Robin, in short, begins his career of city life by being unintentionally a burglar. No harm, however, comes of the adventure at present, to either of the parties. Each makes an escape on his own account, Robin charging himself to take a lesson from his grievous mishap, and be very circumspect about trusting fair-seeming men again. His "vaulting ambition" of prudence for this time "o'erleaps its sell." He is overtaken by John Dabs, the constable of Dr. Howard's town, who, by reason of his skill in finding the track of people who would rather not be followed, has been sent after him by that gentleman, to inform him, that M'Goggin's life is in no danger, and invite him to return home. Satisfied that Dabs has but come to inveigle him by this story into the hands of justice, he uses vast address to put that officer off his guard, and, getting out of his way on the first opportunity, congratulates himself past measure on this achievement of his dear-bought sagacity.

Full of patriotism and valor, Robin Day repairs to the neighbourhood of the Chesapeake, it was at the time of the prodigious exploits of Admiral Cockburn, in that bay, in the last war, and, falling in with a military party, in motion for an engagement, promptly volunteers, not finding out, till he is already in action, that he has enlisted on the wrong side. He is conveyed on board a vessel of the British fleet, and, liking better to be still a volunteer than a prisoner of war,

takes up

with the former character till he shall find an opportunity to escape. At Havre de Grace, in a spasmodic endeavour to run away, he gets the credit of fighting with desperate bravery. At Craney Island he has better luck, so far as to reestablish himself upon American ground, though at the risk, when recognised, of being tried by a court-martial for treason; a désagrément, from which he is only saved by the interposition of his old friend, Captain Dare, who turns out to be one of the heroes of that well-fought day, and who dismisses him in safety, but with a volley of contumelious reproaches, of the most patriotic description.

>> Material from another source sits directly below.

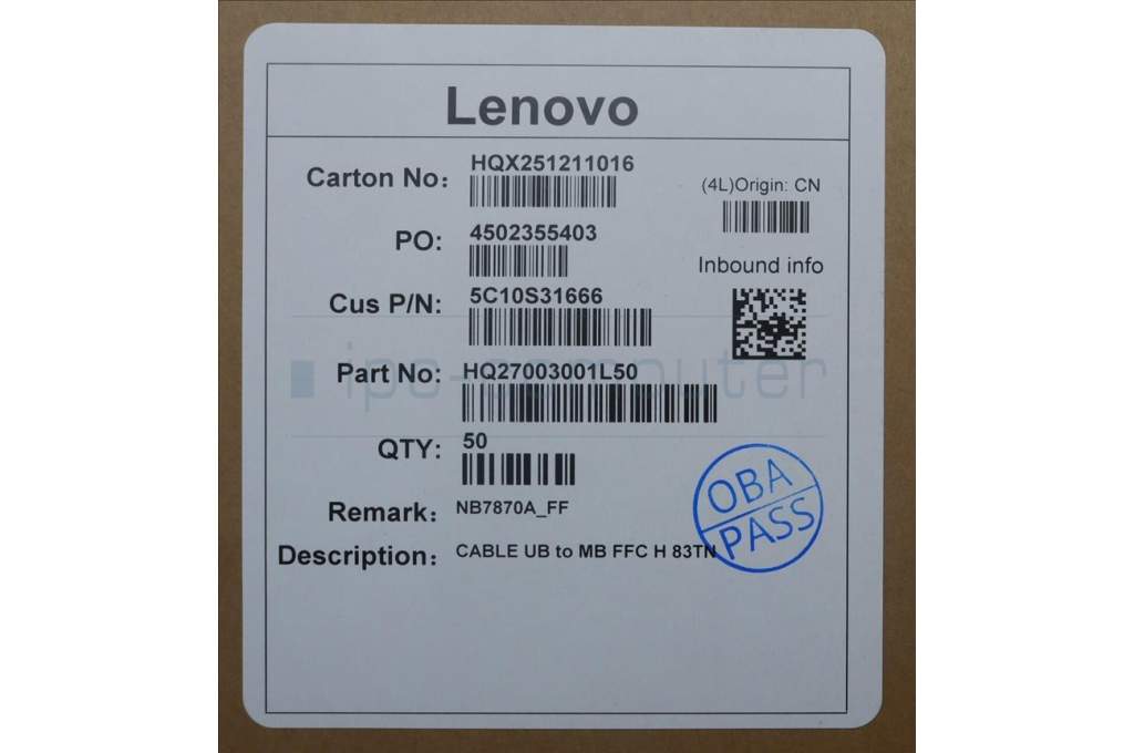 Lenovo 5C10S31666 CABLE UB to MB FFC H 83TN

A third time a fugitive for unintended felony, Robin Day is accosted in the woods by Captain Brown. Misfortune, which "makes strange bed-fellows," makes equally strange travelling companions. They set out together on their forlorn pilgrimage; and Robin, before he knows what he has undertaken for, finds himself concerned with Brown in the itinerant practice of the healing art, a new style of the médecin malgré lui, he, in the character of an East Indian conjuror, prescribing medicines which Brown administers. The adventure ends by his being sold, under his Indian disguise of a dark complexion, to a Virginia planter, who pays Brown an enormous price for him, in consideration of his marvellous skill.

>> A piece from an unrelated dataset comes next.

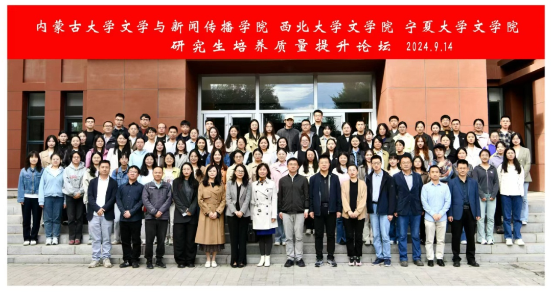 2024年9月14日,我院联合内蒙古大学文学与新闻传播学院、西北大学文学院,在内蒙古大学南校区卓越楼一楼新闻演播大厅成功举办了“研究生培养质量提升论坛”。本次论坛旨在深化学术交流,促进西北地区高校的联合与发展,提升研究生培养质量。

From this difficulty, and various others beyond, the author successfully extricates him. Those who would see how he does it, we must refer to the volumes themselves, which, we repeat, they will find spirited and amusing in no common degree. The story of the "Bloody Volunteers" of Tennessee, to the command of whom Captain Dare advances himself by force of his military virtues, is told with genuine humor, and the conception of incidents at sea, towards the close of the story, is marked with power of a different and higher kind.